Soy Garlic Fried Chicken Wings are crispy on the outside, juicy on the inside, and coated in a sticky, glossy glaze that makes you want to lick your fingers clean. The garlic hits first, followed by rich soy flavor and just enough sweetness to balance every bite.

There’s something about biting into a perfectly fried wing — that crackle from the crust, then the tender meat underneath. When the glaze clings just right and your fingers get a little shiny, you know you did it right.

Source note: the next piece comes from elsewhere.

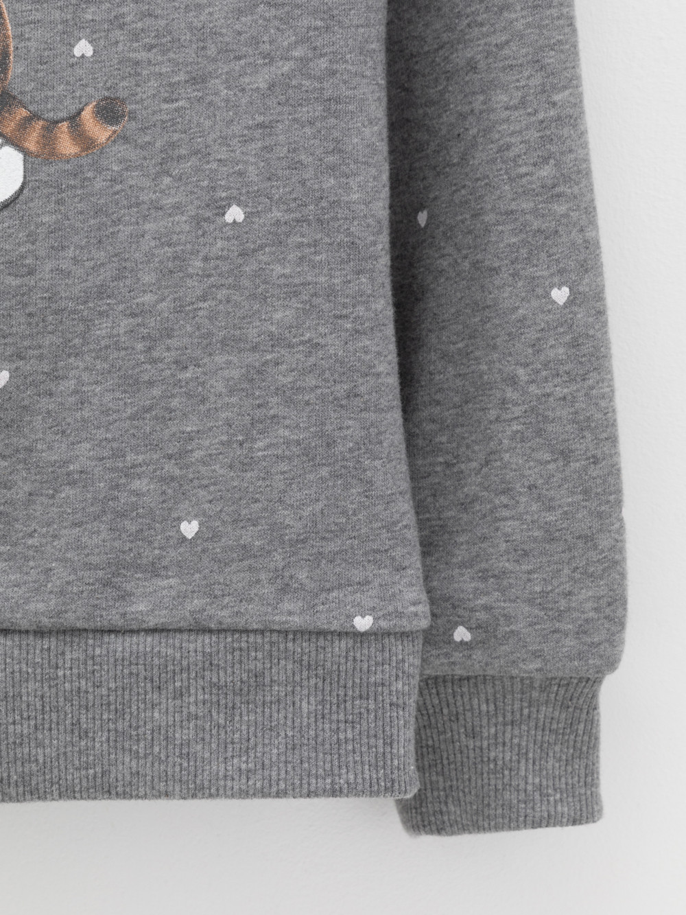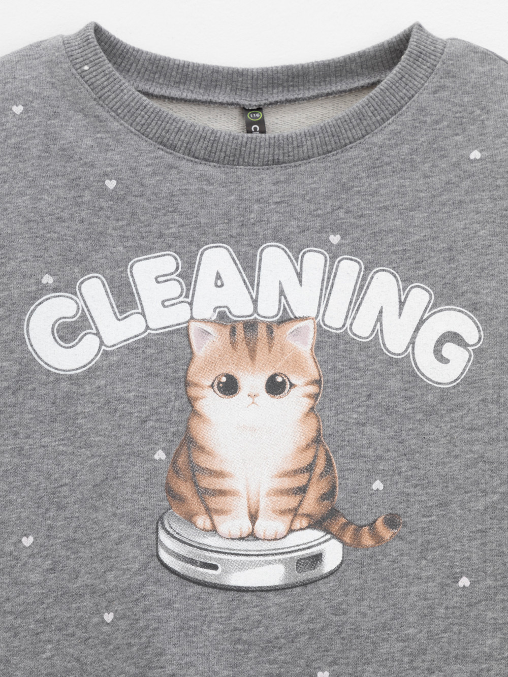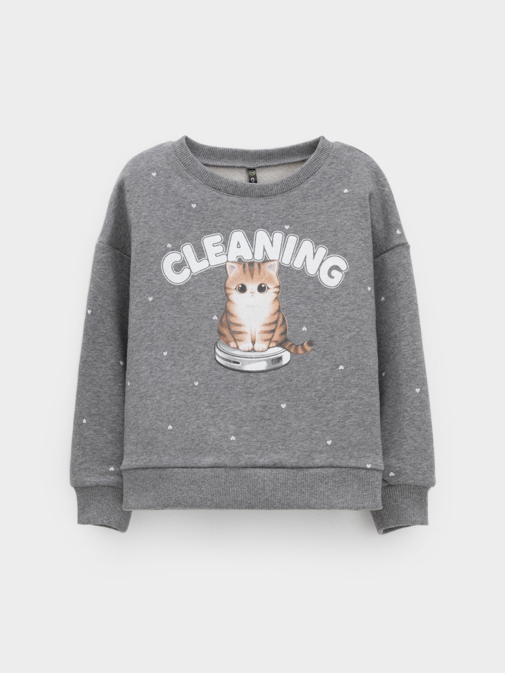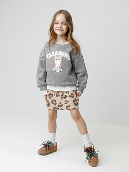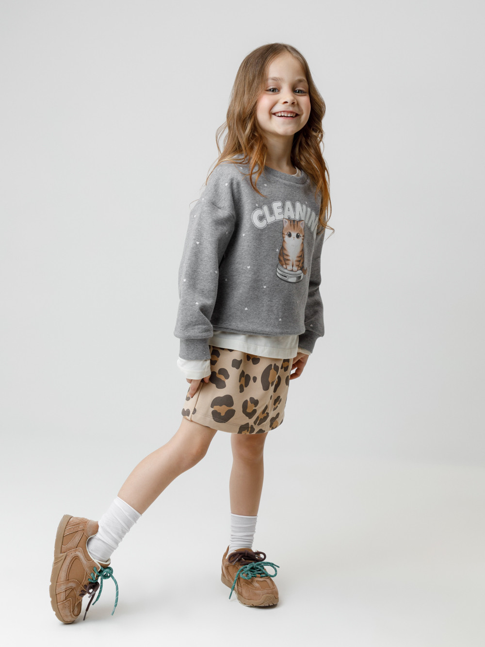 Свитшот для девочки из мягкого петельчатого трикотажа. В составе 80% натурального хлопка и 20% полиэстера, при этом полиэстер ввязан внутрь по особой технологии и не соприкасается с кожей. В размерах 92 и 98 застёгивается на спине на кнопки. Манжеты и пояс выполнены из эластичного полотна. Оригинальный принт выполнен из стойких текстильных гипоаллергенных красителей. Изделие сохраняет цвет и форму после многократных стирок. Все трикотажные полотна производятся в соответствии с нормами швейцарского сертификата ЭкоТекс.

The secret? Double frying. The first fry cooks the wings through. The second fry builds that deep golden crunch that stays crispy even after tossing in sauce. Pair that with a bold soy garlic glaze, and you have something seriously addictive.

In just 25 minutes, these wings will easily beat takeout.

Serves: 4
Prep time: 10 minutes
Cook time: 15 minutes

Why You’ll Love This Recipe

• Ultra crispy from double frying
• Sticky, sweet-savory soy garlic glaze
• Ready in just 25 minutes
• Perfect for gatherings or weeknight cravings
• Fresher and more flavorful than takeout

Let’s Talk Ingredients

Chicken wings
Wings have the ideal balance of skin and meat, making them perfect for frying. Flats or drumettes both work beautifully.

Rice flour
Rice flour creates a light, delicate crust that crisps up beautifully. It’s thinner and crunchier than all-purpose flour and naturally gluten-free.

Garlic
Garlic is the star here. Use finely grated garlic in the marinade rather than minced. Finely grated garlic blends smoothly into the coating and is less likely to burn during frying. Larger minced pieces can brown too quickly in hot oil if exposed on the surface. For the glaze, minced garlic is perfect — just keep the heat low so it turns fragrant and slightly sweet instead of bitter.

Mirin
Adds subtle sweetness and helps create a glossy finish in the glaze.

High-smoking-point oil
Use avocado, grapeseed, or peanut oil for clean frying at high temperatures without bitterness.

Step-by-Step: Let’s Cook!

Step 1: Marinate the wings

Poke the chicken wings all over with a fork or bamboo skewers.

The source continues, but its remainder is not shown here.